=== SOURCE INFORMATION ===
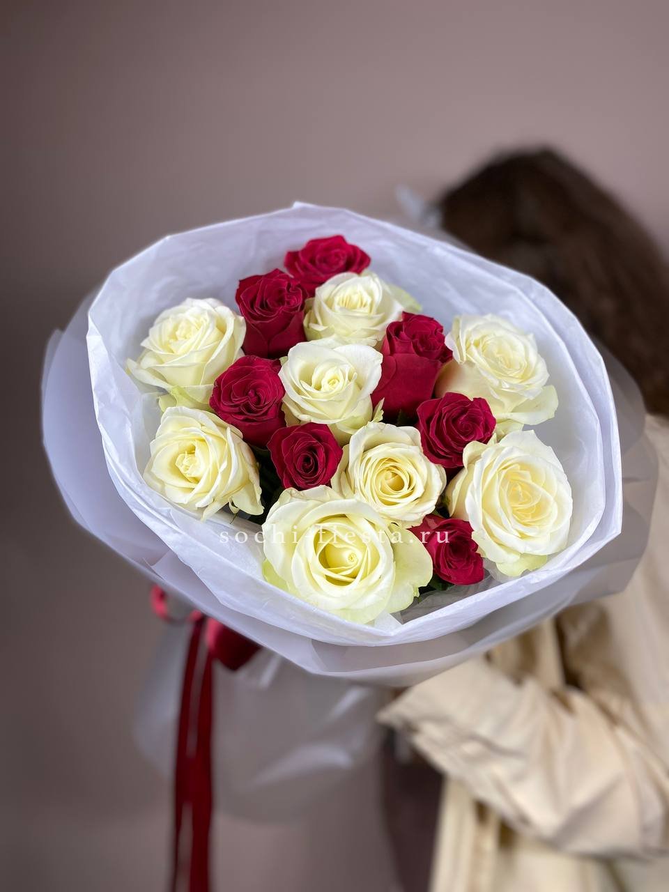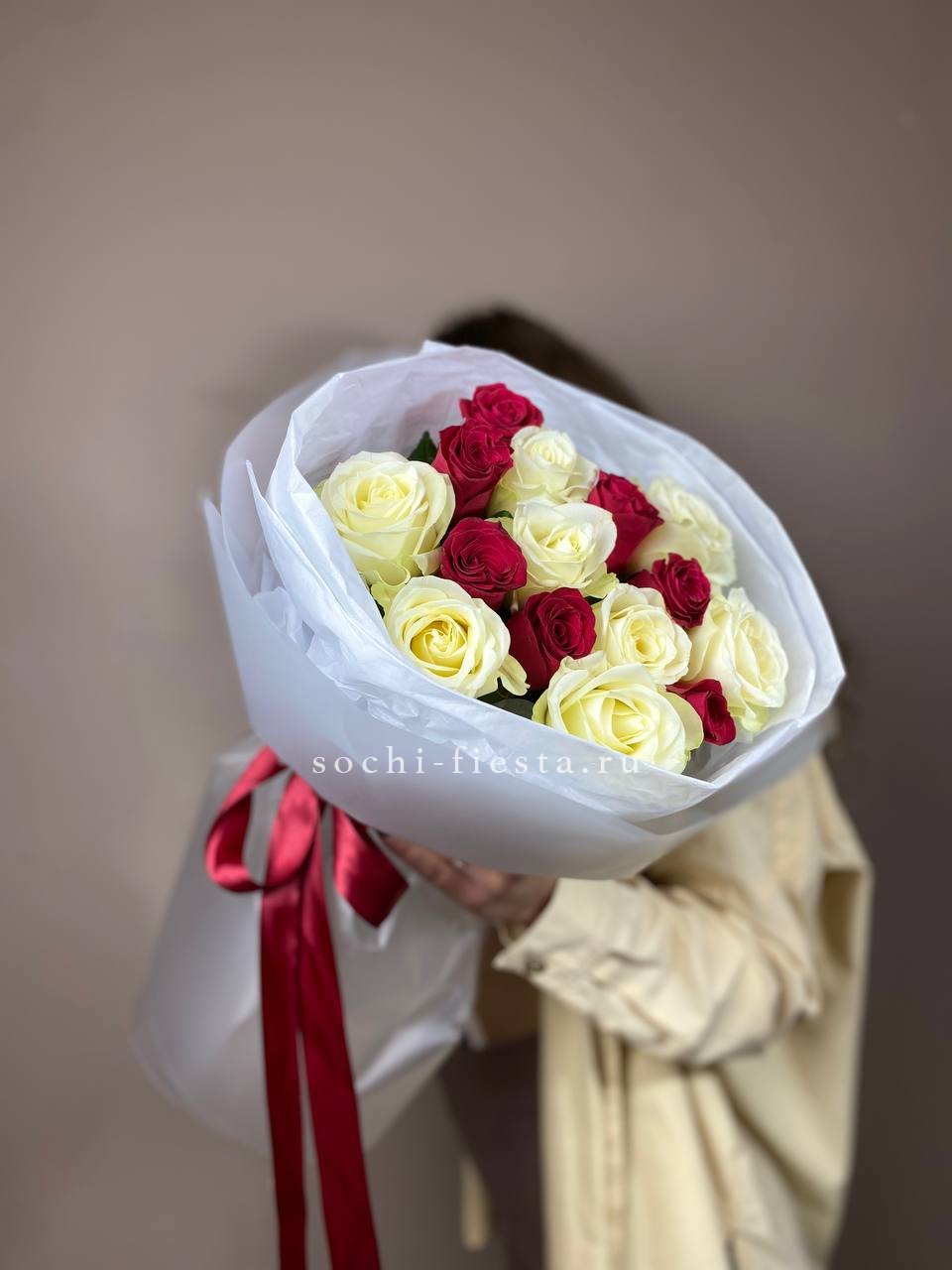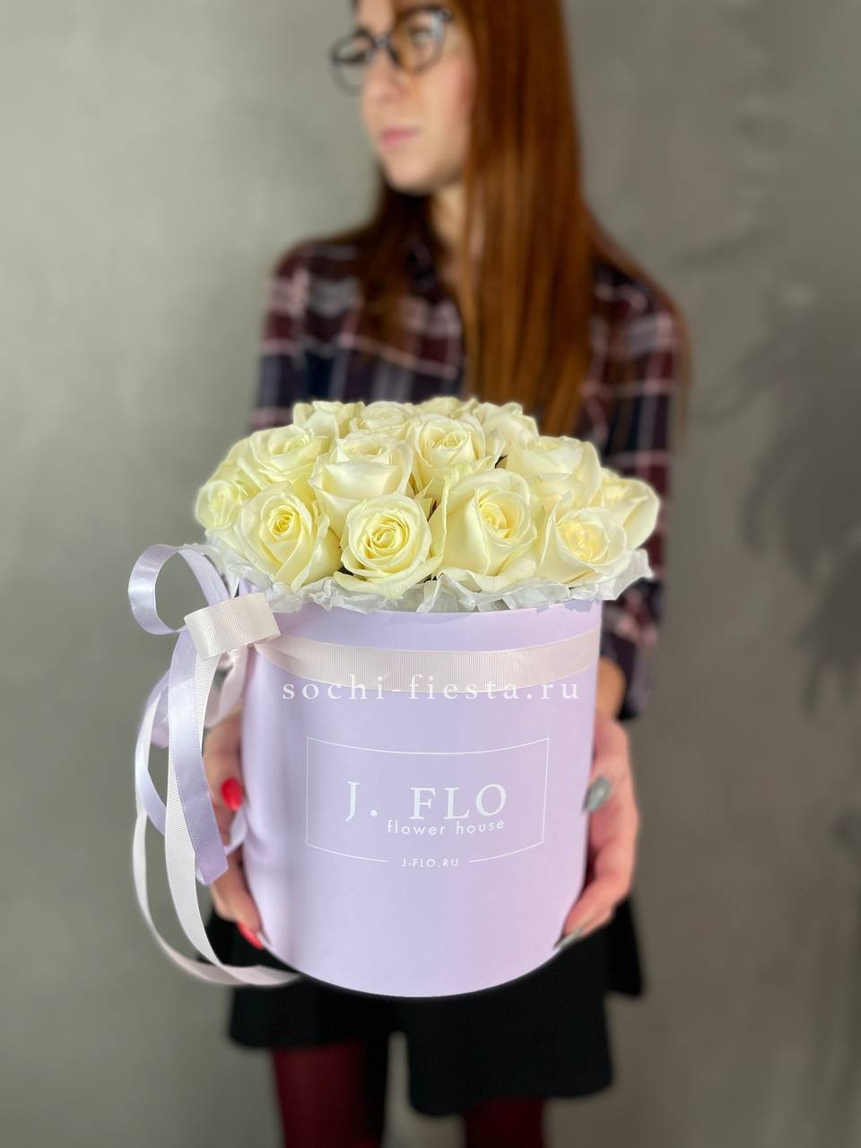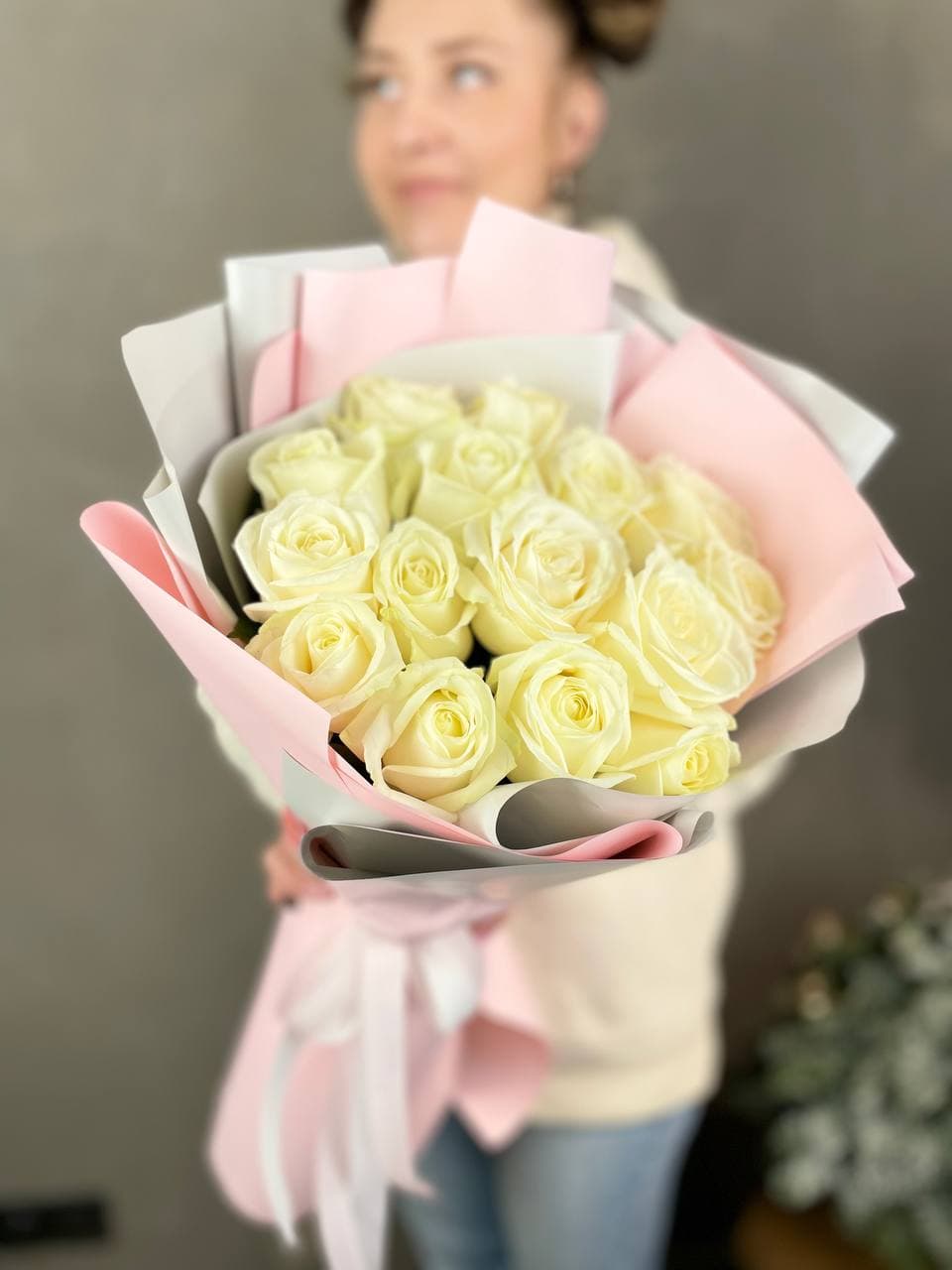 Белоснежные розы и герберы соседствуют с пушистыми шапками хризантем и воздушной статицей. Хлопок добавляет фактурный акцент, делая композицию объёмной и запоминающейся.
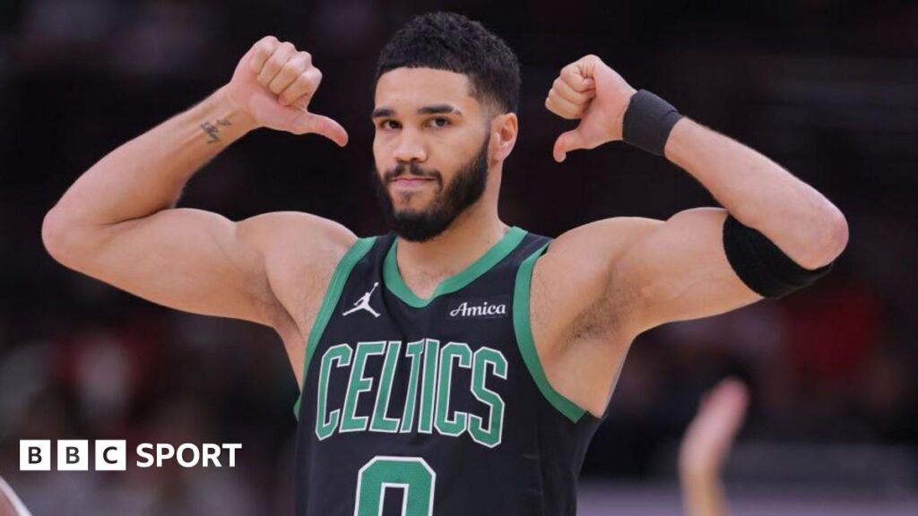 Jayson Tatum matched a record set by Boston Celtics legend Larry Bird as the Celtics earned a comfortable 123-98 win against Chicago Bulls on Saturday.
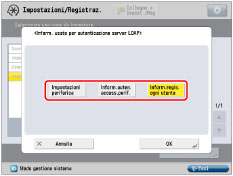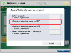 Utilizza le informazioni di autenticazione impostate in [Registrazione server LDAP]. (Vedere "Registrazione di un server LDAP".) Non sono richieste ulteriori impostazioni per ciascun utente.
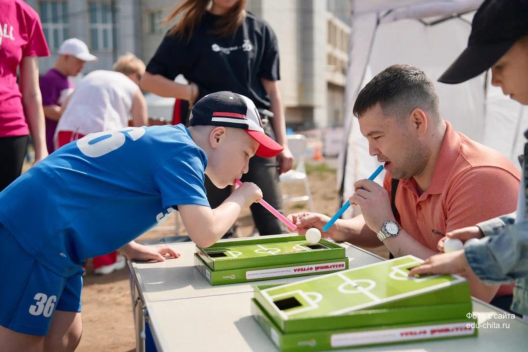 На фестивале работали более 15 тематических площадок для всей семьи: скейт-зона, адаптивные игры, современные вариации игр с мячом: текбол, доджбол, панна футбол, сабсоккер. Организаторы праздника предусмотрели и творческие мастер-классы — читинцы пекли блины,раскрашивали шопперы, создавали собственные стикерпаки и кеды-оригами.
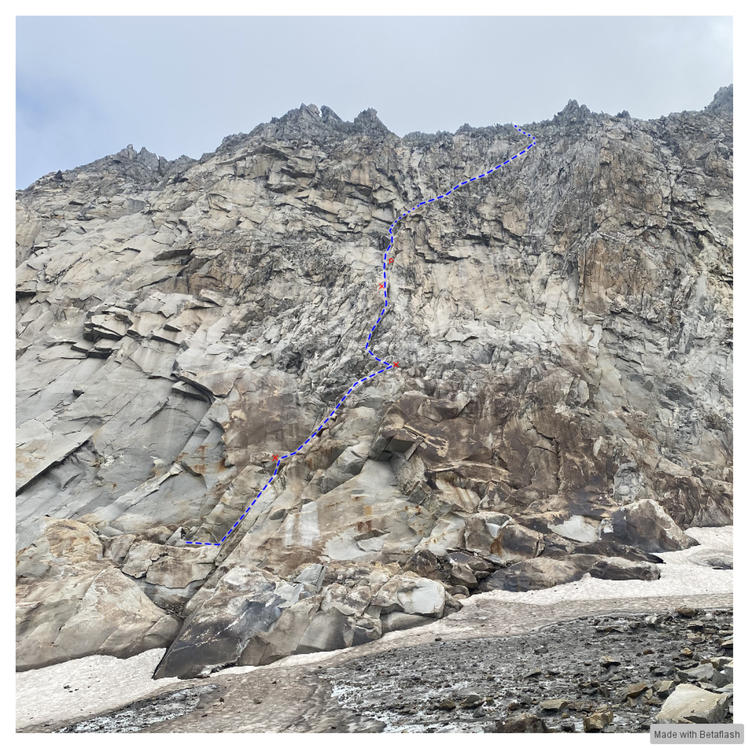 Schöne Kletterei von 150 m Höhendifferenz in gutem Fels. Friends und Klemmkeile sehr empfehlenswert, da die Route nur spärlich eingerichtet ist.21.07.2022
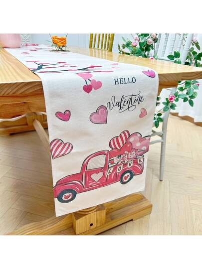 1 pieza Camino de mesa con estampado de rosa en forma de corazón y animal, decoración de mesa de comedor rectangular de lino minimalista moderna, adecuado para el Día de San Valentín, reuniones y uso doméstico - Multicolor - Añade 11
===
WORK TO COMPLETE.
The answer must be the lines above, word for word, from the first one through the line with "Jayson Tatum matched", pictures excluded.

RESPONSE TO THIS EXERCISE.
 Белоснежные розы и герберы соседствуют с пушистыми шапками хризантем и воздушной статицей. Хлопок добавляет фактурный акцент, делая композицию объёмной и запоминающейся.
 Jayson Tatum matched a record set by Boston Celtics legend Larry Bird as the Celtics earned a comfortable 123-98 win against Chicago Bulls on Saturday.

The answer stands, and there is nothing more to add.